Lynette White: Police trial collapse report cost £900k
- Published
An independent review into the collapse of a case against eight former police officers who investigated the 1988 murder of Lynette White cost more than £900,000, it has emerged.
Richard Horwell QC was paid £415,984 for leading the review.
The report, external, published in July 2017, concluded there was no deliberate attempt to cover up any crime, and blamed "human errors".
The Home Office said the cost reflected the "complexity" of the investigation.
The Freedom of Information request by BBC Wales revealed the total cost was £906,098.
The eight ex-police officers were charged with perverting the course of justice for their role in the arrest and prosecution of five men for the murder in Cardiff in 1988.
The 20-year-old sex worker was stabbed more than 50 times in a docklands flat.
Three men had convictions for the killing quashed.
But the officers' trial - the most expensive in British legal history - was halted in 2011.
A Home Office spokeswoman told BBC Wales: "The cost of the independent QC-led investigation into the collapse of the 2011 trial reflects its complexity, scale and duration.
"The report made 17 recommendations for the police and the CPS to improve the disclosure process."
Junior barrister Patrick Hill received £380,761, claimants' legal costs reached £86,370, while Government Legal Department costs were £4,916.
Other costs were £14,470 for the transcription of the 2015 civil proceedings brought against South Wales Police by former officers involved in the investigation of Lynette White's murder, and £4,315 for formatting, printing and publishing the report.
The investigation led by Richard Horwell QC, ordered by the Home Office, blamed the collapse of the case against the officers on "multiple human failings" and "not wickedness".
It said the events that followed the murder of Ms White "represent one of the worst miscarriages of justice in the history of our criminal justice system".
Five men were originally put on trial in 1990 for Ms White's murder.
Tony Paris, Yusef Abdullahi and Stephen Miller - who became known as the Cardiff Three - were wrongly jailed for life in 1990 for the murder and freed in 1992 after their convictions were quashed.
In 2003, new DNA technology led South Wales Police to Ms White's real killer, Jeffrey Gafoor.
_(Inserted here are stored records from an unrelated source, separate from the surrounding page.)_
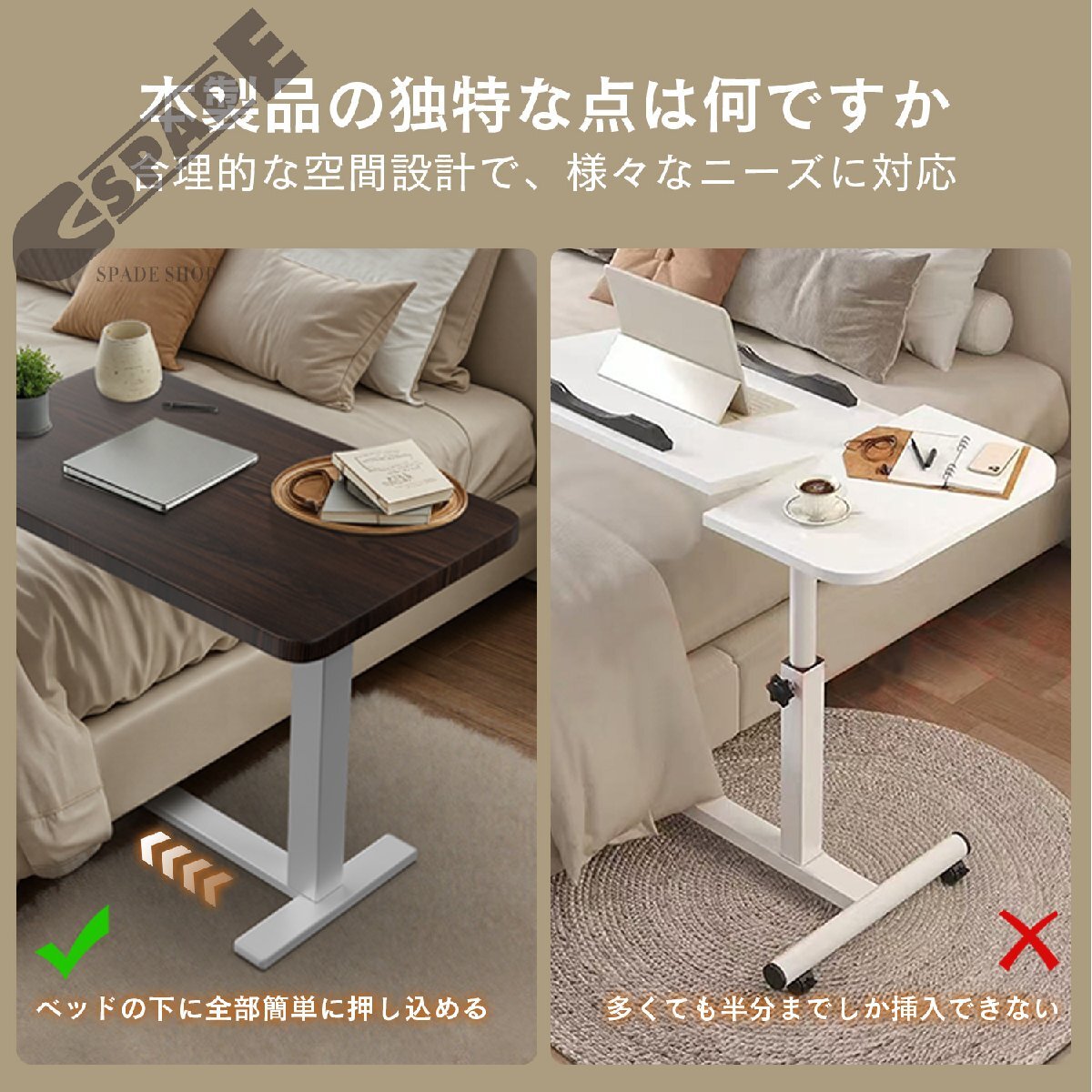 • 【ベッドサイドにぴったり、安定感抜群!】設計により、テーブルがベッドの縁にぴったりとフィットし、ぐらつきません。カップの溝が付き、飲み物を置くと安定します。深夜の残業、動画鑑賞、朝食も安心して楽しめます。ハンドルと静音万向輪で移動もスムーズ。床を傷つけず、隣の邪魔にもなりません。
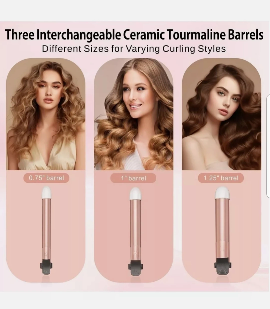 Automatic Curling Iron with Interchangeable Barrels: Easily create perfect hairstyles with our curling wand set featuring bi-directional auto-rotating function and 3 interchangeable ceramic tourmaline barrels (0.75", 1", 1.25"), simplifying barrel switching and catering to various curling needs.
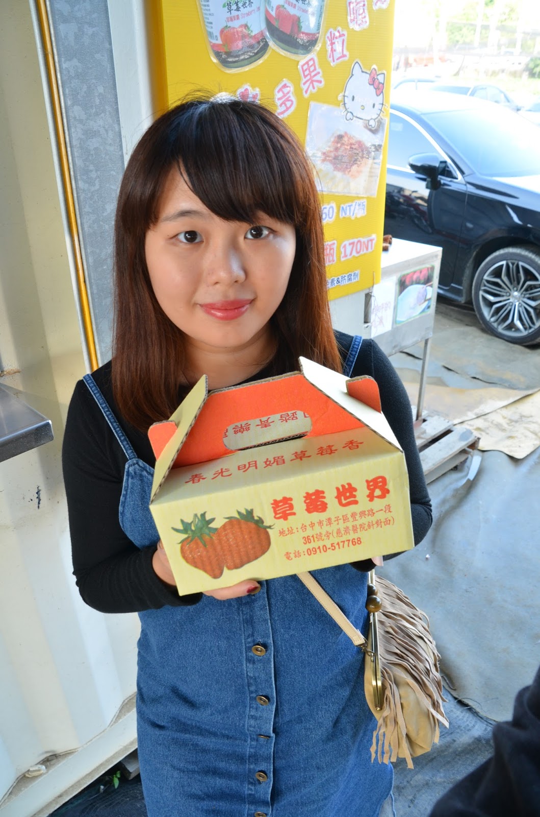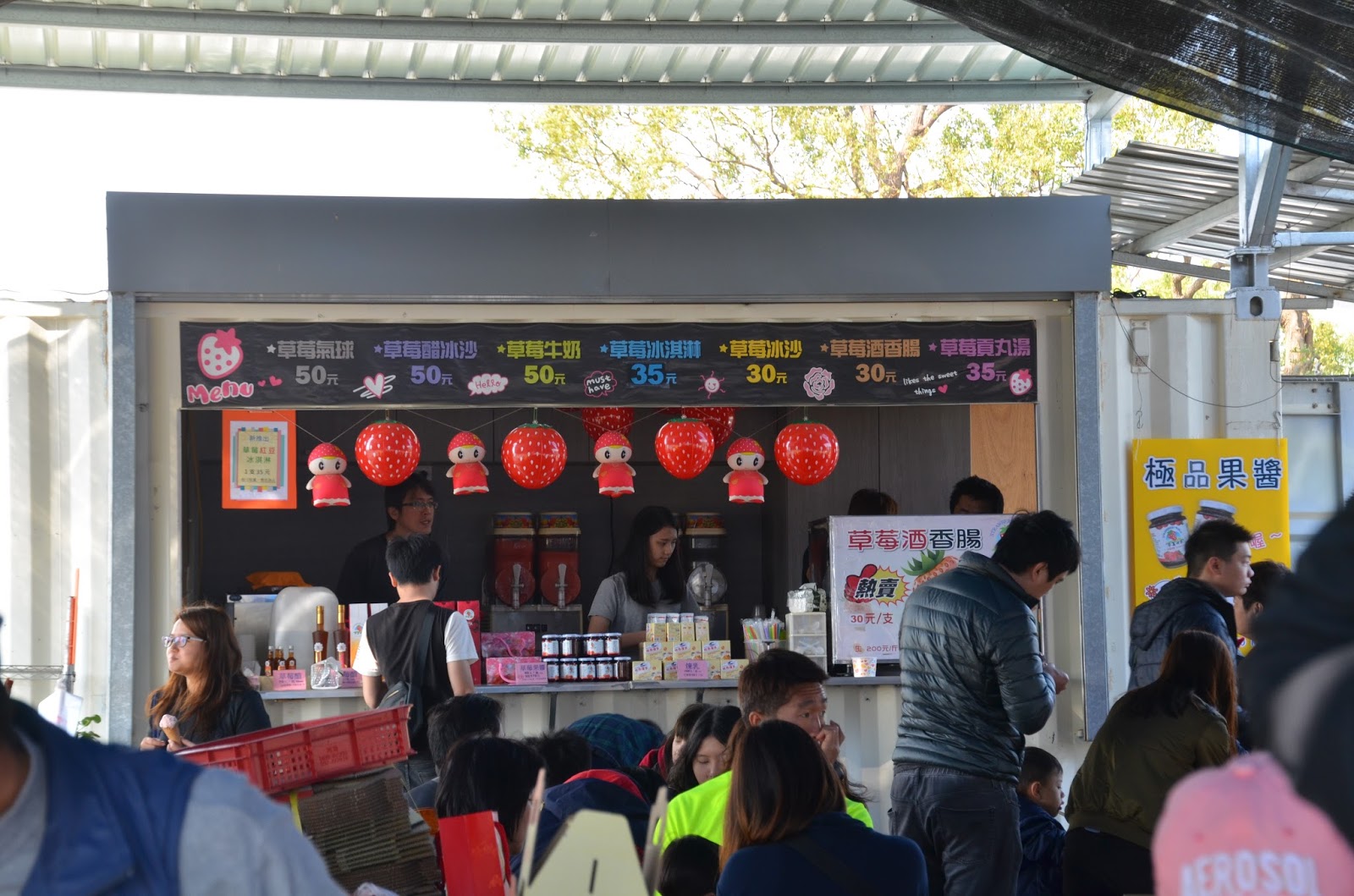 台中就是很天氣好啊!但是怕熱怎麼辦?沒關係老闆有搭一個超大棚子唷!可以在這邊立刻洗摘好的草莓吃,也有草莓商店,草莓酒香腸、冰沙等等!不過人也真的是多到爆XD

He confessed to stabbing her in a row over £30.
In 2015, the eight ex-officers cleared of perverting the course of justice launched a High Court civil action against South Wales Police.
Graham Mouncher, Thomas Page, Richard Powell, John Seaford, Michael Daniels, Peter Greenwood, Paul Jennings and Paul Stephen sued for malicious prosecution, false imprisonment and misfeasance.
But the judge in the civil action dismissed their case at the end of 2015.